L2-delta-to-main Merge: FIG. 4 illustrates this merge operation. A new main structure is created out of the L2-delta and the existing main. While the L1-to-L2-delta Merge is minimally invasive with respect to running transactions, a L2-delta-to-main merge is a resource-intensive task which has to be carefully scheduled and highly optimized on a physical level. As soon as a L2-delta-to-main merge is started, the current L2-delta is closed for updates and a new empty L2-delta structure is created serving as the new target for the L1-to-L2-delta merge. If a merge fails, the system still operates with the new L2-delta and retries the merge with the previous versions of L2-delta and main. Section 4 will detail the core algorithms and give some more details of different optimization techniques such as column-wise or partial merge.

In preferred implementations, the dictionary consists of fixed strings. The dictionary can be implemented depending on the data stored: either the dictionary with a special compression is chosen (i.e., when the data allows it), or a “standard” dictionary is used. The special-compression dictionary also includes an optimized search capability as a binary search on bitcoded data, and uses special central processing unit (CPU) instructions to efficiently perform the compression.
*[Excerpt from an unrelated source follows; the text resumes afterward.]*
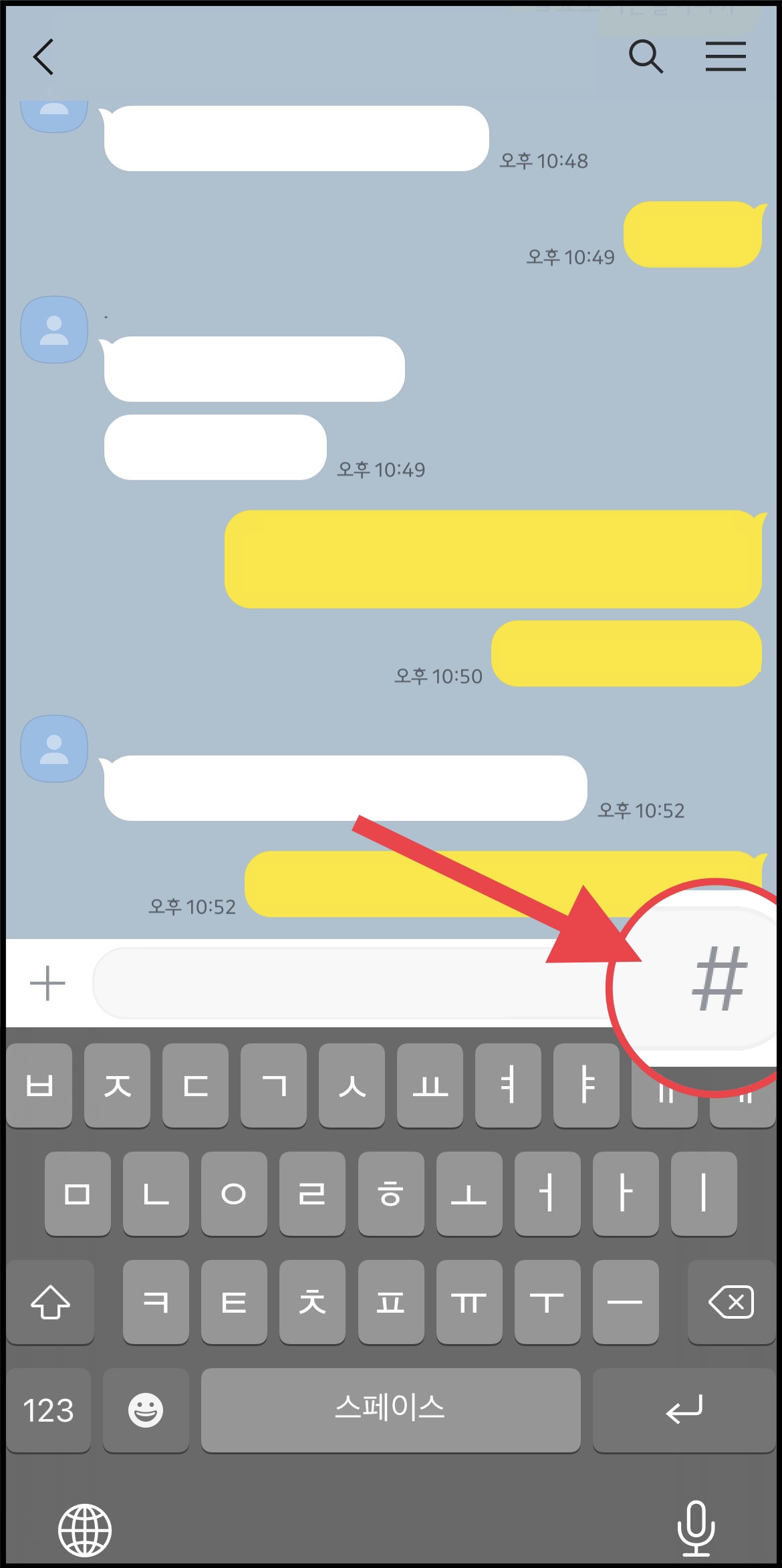 ▼ 카카오톡 채팅창에 들어가면 메세지 입력란 오른쪽에 샵(#) 버튼이 있습니다.
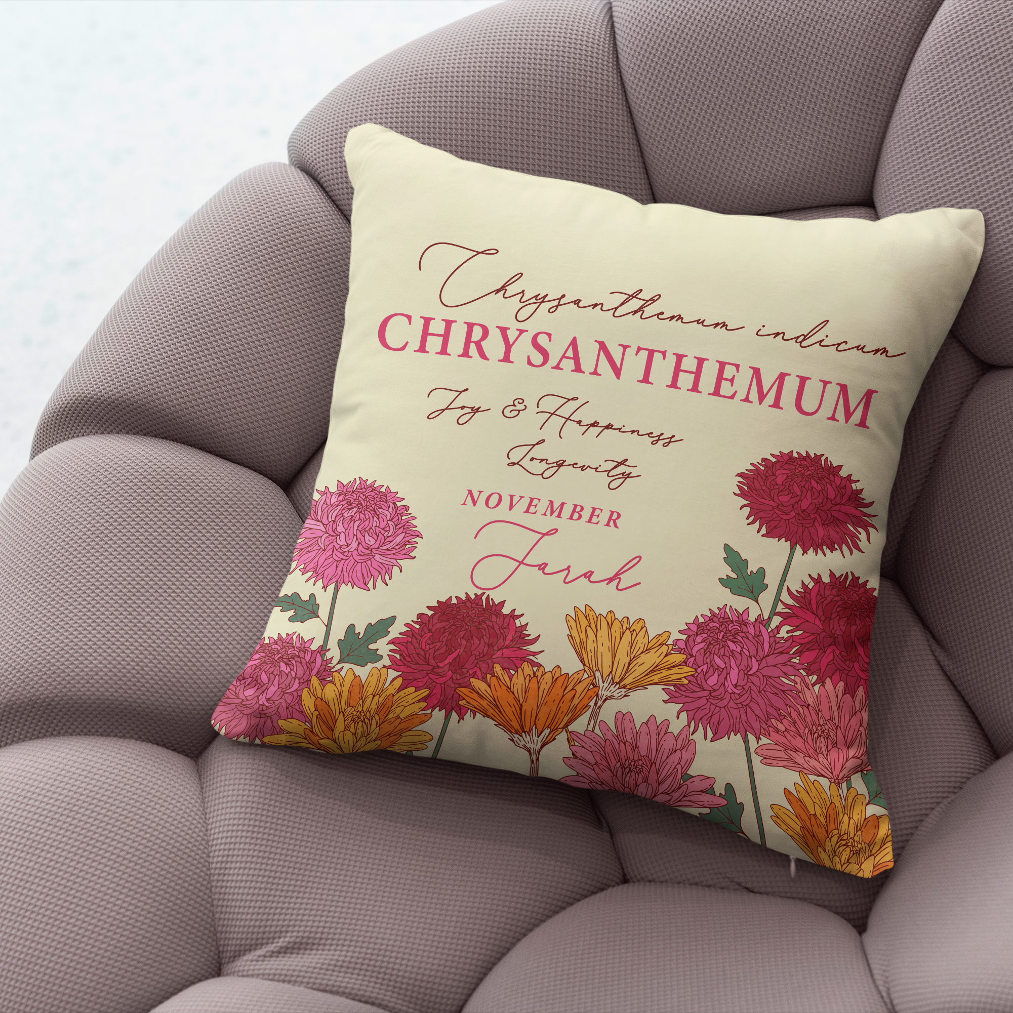 Personalised Birth Flower Cushion - November Chrysanthemum Design

The dictionary stores a list of strings which are sorted, i.e. AAA, ABC, ABB, ABC. This special dictionary is only used when all the strings have the same length (here, length 3). In this case, for each column position a “mini dictionary” is built containing the distinct values at that position:


Position 0: [A]


Position 1: [A, B]


Position 2: [A, B, C]

The strings are then coded using these dictionaries. While for the original string exactly 1 byte was needed for each character, this changes when using the new “mini” dictionaries: the first character of each string can be omitted, since it is the same for all strings—it needs to be stored in the mini dictionary only; and the second character in each string (position 1) only has two distinct values. These can be coded with 1 bit only. Also, the third character can be stored with 2 bits, which can lead to substantial savings.

As noted herein, FIG. 5 illustrates a delta merge operation.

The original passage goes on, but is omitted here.